We observed genetic differentiation among the three sampling sites. The geographically close Analamazaotra and Torotorofotsy populations (separated by ca. 18 km) were moderately genetically differentiated from each other, and both showed higher levels of genetic differentiation from the Betampona population (ca. 130 km away). Given that populations are likely not in drift-migration equilibrium, some of the detected genetic differentiation may represent historical patterns prior to forest fragmentation (Whitlock and McCauley 1999). However, the extent of genetic differentiation is not surprising given the current patchy distribution of indris, and the greater geographic isolation of Betampona from the other forest reserves. Although Analamazaotra and Torotorofotsy are geographically close, contiguous forest is fragmented and the land separating these sites is affected by human land use, which may further explain their population differentiation.

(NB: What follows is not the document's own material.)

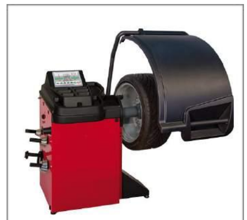
MASINA pentru ECHILIBRAT ROȚI

The results of our study indicate isolation of indri populations separated by nonforest on a relatively small spatial scale compared to their overall range. However, given the wide variation in density of indri populations (Pollock 1975), improved sampling is needed to understand fully the population structure across the entire indri range. The structure we detected may also reflect past, not current, population structure due to the lack of drift-migration equilibrium, furthering the need for more intense sampling.

Conservation Implications

Our results suggest that indri populations in Madagascar possess moderate to high genetic diversity in terms of heterozygosity, which is encouraging for the conservation of the species, but may reflect past, rather than current, population processes. Indri display plasticity in their ability to live in a range of forest sizes, with varying degrees of fragmentation (Glessner and Britt 2005). However, we observed population differentiation between sites and Betampona may be genetically isolated. Further studies are needed to elucidate the demographic history of populations and to estimate gene flow and migration rates, which influence the chances of future inbreeding. Conservation efforts should aim to protect large continuous blocks of forest with migration corridors between them in order to maintain genetic diversity and avoid further genetic isolation of populations.